Some of the largest KiwiSaver providers are already committed to buying shares in the soon to be floated energy company Mighty River Power.
ASB, Westpac and Fisher Funds - which control more than 40 per cent of the $15.4 billion invested in KiwiSaver - all say they will buy shares in the company.
Blair Turnbull, general manager wealth and insurance at ASB, said its KiwiSaver scheme used an index-tracking approach which followed the NZX 50 Index.
"Given the expected size of the issue, we anticipate that MRP will enter the NZX 50 index as soon as the NZX index rules allow.

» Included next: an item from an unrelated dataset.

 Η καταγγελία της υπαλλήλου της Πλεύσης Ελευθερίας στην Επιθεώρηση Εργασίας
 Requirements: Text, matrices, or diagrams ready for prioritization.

The ASB KiwiSaver scheme will participate as a consequence," Turnbull said.
Mighty River Power is expected to become one of the exchange's 10 largest companies once it lists.

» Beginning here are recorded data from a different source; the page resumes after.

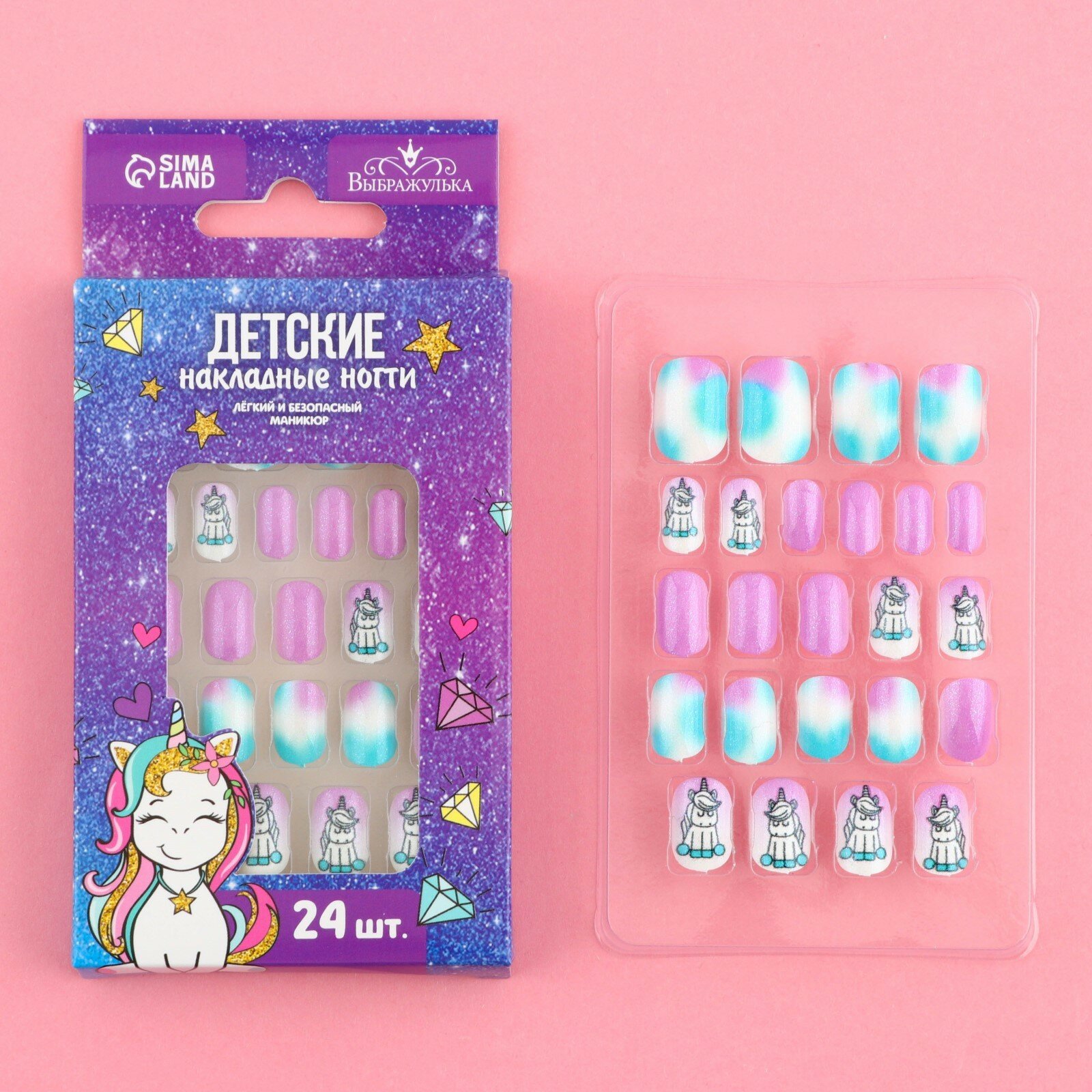 Накладные ногти Выбражулька "Единорожек" для детей, с дизайном, 24 шт. информация:
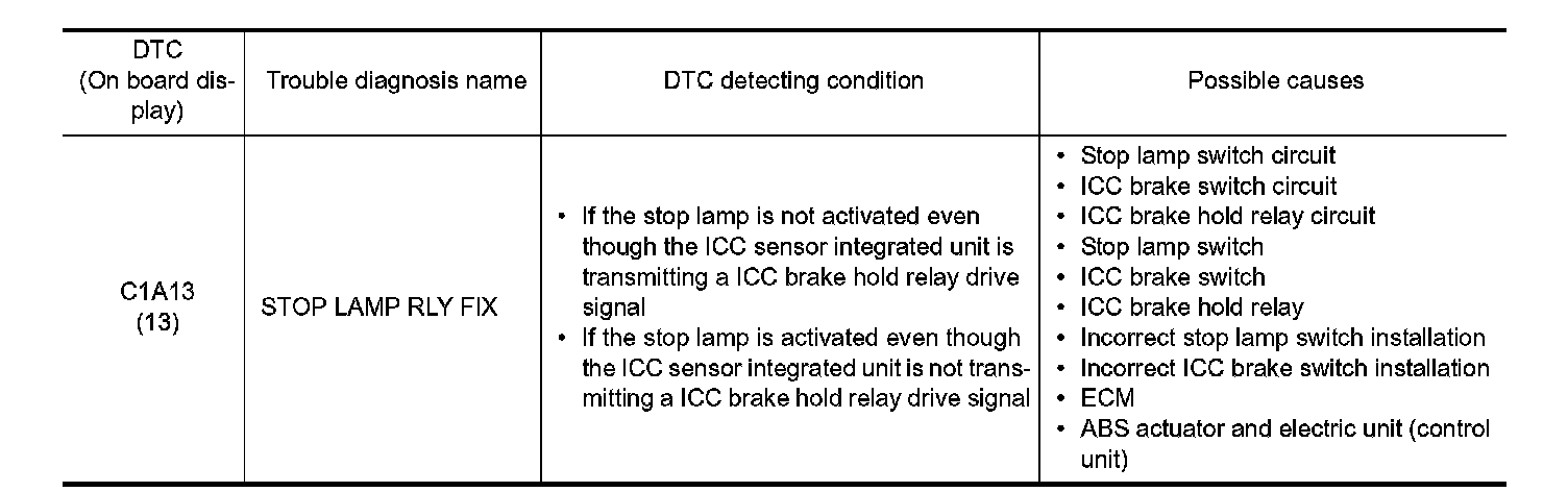 If DTC "C1A13" is detected along with DTC "U1000", first diagnose the DTC "U1000". Refer to CAN COMM Circuit CAN COMM Circuit CAN COMM Circuit CAN COMM Circuit, "DTC Logic".
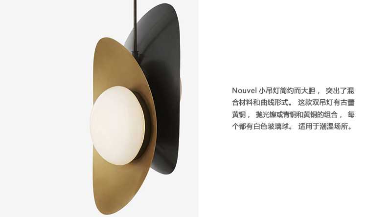 Nouvel小吊灯简约而大胆,突出了混合材料和曲线形式。 这款双吊灯有古董黄铜,抛光镍或青铜和黄铜的组合,每个都有白色玻璃球。 适用于潮湿场所。
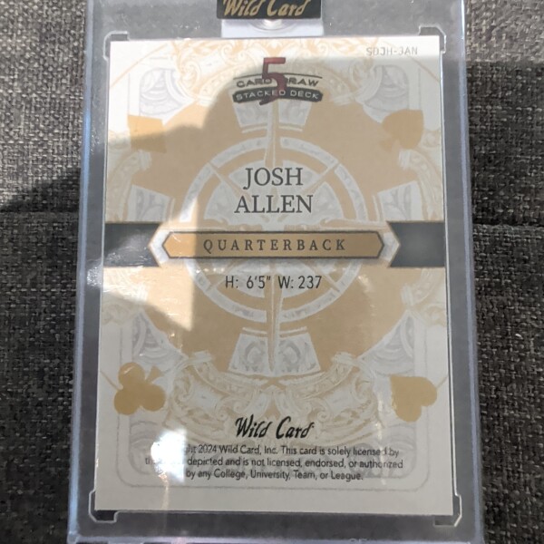 A beautiful one of one jacks Josh Allen quarterback five draw stacked deck. Enjoy it. Put it in your personal collection. Resell it whatever you want to do with it. It's up for sale
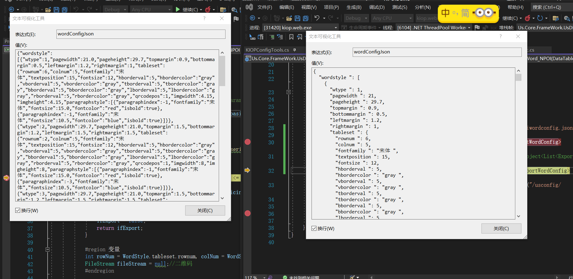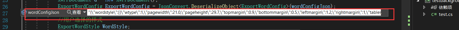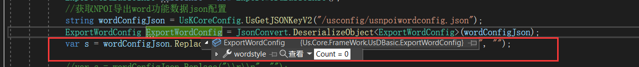 string wordConfigJson = UsKCoreConfig.UsGetJSONKeyV2("/usconfig/usnpoiwordconfig.json"); var wordConfigJsonstr = wordConfigJson.Replace("\n", "").Replace(" ", "").Replace("\t", "").Replace("\r", ""); //反序列化 ExportWordConfig ExportWordConfig1 = JsonConvert.DeserializeObject<ExportWordConfig>(wordConfigJsonstr);

A spokesman for Westpac said it expected Mighty River Power to have an initial index weighting of about 3.5 per cent to 4 per cent resulting in around 0.6 per cent of its KiwiSaver money going into the company.
"The implementation of the Government's mixed-ownership model certainly provides us with a number of interesting investment opportunities and our funds will certainly participate in this process to varying degrees," he said.
"At the end of the day though, our decision on how fully we participate will come down to whether these are attractive long-term investments for our customers."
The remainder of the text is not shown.